I looked into Progressive Dispensationalism briefly 20+ years ago, didn’t find it remotely compelling, and haven’t felt a need to revisit it. I might be missing something, but life is short, and I kinda don’t think so. It seemed to me at the time that PD was something of a mediating position between Covenant Theology and classic dispensationalism, and I don’t think the weaknesses of dispensationalism lie in that direction. The problem is that dispensationalists don’t read literally enough.
That sounds weird, but it’s true. A dispensationalist sounds like a wooden literalist when he’s standing next to, say, Ken Gentry talking about Matthew 24, or Richard Gaffin talking up the Church as the new Israel. But stand that same dispensationalist next to Jim Reitman talking about Abraham’s children in Galatians, and see what happens. The problem with dispensationalists isn’t so much hermeneutics as a failure of nerve: they won’t apply their own hermeneutic consistently in places where the Scriptures don’t perfectly match the system.
At the end of the day, dispensationalism is a bit like Calvinism — a clever system that takes in some genuinely biblical insights and was God’s gift for a particular historical moment, but can’t be organically generated from the text, and has to flatly contradict Scripture occasionally in order to keep the system going. The biblical insights are well worth keeping, but why try to digest the whole carcass when we can loot the corpse and move on?
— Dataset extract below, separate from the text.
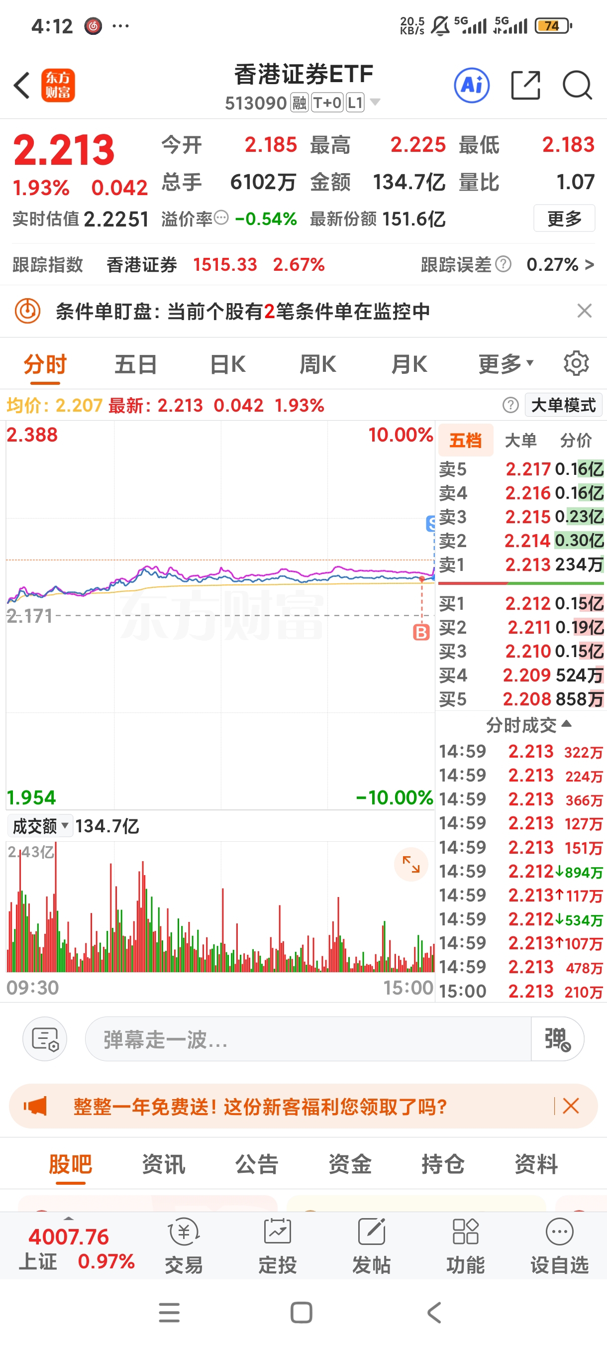 $香港证券ETF(SH513090)$ 有大佬指点指点么,这个溢价为什么是负的?负的的话是好还是坏?另外的话最后4:00香港收盘之后是,指数明显比这个etf涨幅要大,那为什么持仓最大的中信却跳水,想问一下香港的早盘是什么时候开盘,难道这个跟收盘关系没多大,主要是跟早上集合竞价快开盘关系很大么?

One of the major sticky points is the Kingdom of God. Classic dispensationalists tend to hold that there is no present reality to the Kingdom of God because the lion is not presently lying down with the lamb and Jesus is not sitting on David’s literal throne. Against that, I note that Jesus Himself said “if I cast out demons by the finger of God, then the Kingdom of God has come upon you.” Has come. The lion wasn’t lying down with the lamb then either, but Jesus still said what He said.
The lion really will lay down with the lamb, and Jesus really will sit on David’s literal throne when the Kingdom has come in its fullness. By speaking of the Kingdom as a present reality in His own time, Jesus forces us to acknowledge that it’s possible for the Kingdom to be truly present without being fully present in its final consummation — and what good news that is! Jesus is King now. If He is ruling within the reach of my arm, then His Kingdom is here now.
So with (say) a guy like Grant Hawley (whose book I recommend reading, even though I heartily disagree in spots), I find I agree with him far more than not when it comes to particulars like our present relationship to the covenant with Noah, our relationship to the Law, the future of Israel, and so on. However, the bubbles-on-a-string dispensational charts don’t represent those truths well; they tend to emphasize the discontinuity at the expense of things that really do continue. Our discontinuous relationship with the Law is based on our continuous relationship with Abraham and the (Noahide) priesthood of Melchizedek expressed in our older Brother Jesus (as the book of Hebrews elegantly explains). It’s all One Story, and a lot of the power to read our present circumstances in biblical categories comes from being able to see it as all a single story with motifs and themes that repeat, but like themes in music or dance — never exactly the same. In biblical studies, typology is not first and foremost a feature of literary texts; it is a philosophy of history. Typology in the real world is a mark of authorship, and the world is being authored by the same God who wrote the biblical texts.
In the nature of the case, you can always claim that this instance of the motif is different from the others, because something about it always will be different. The head-crushing women of Judges, David taking on Goliath, and Jesus crushing the serpent’s head are all quite different in certain respects, but the differences are not the most important thing about them.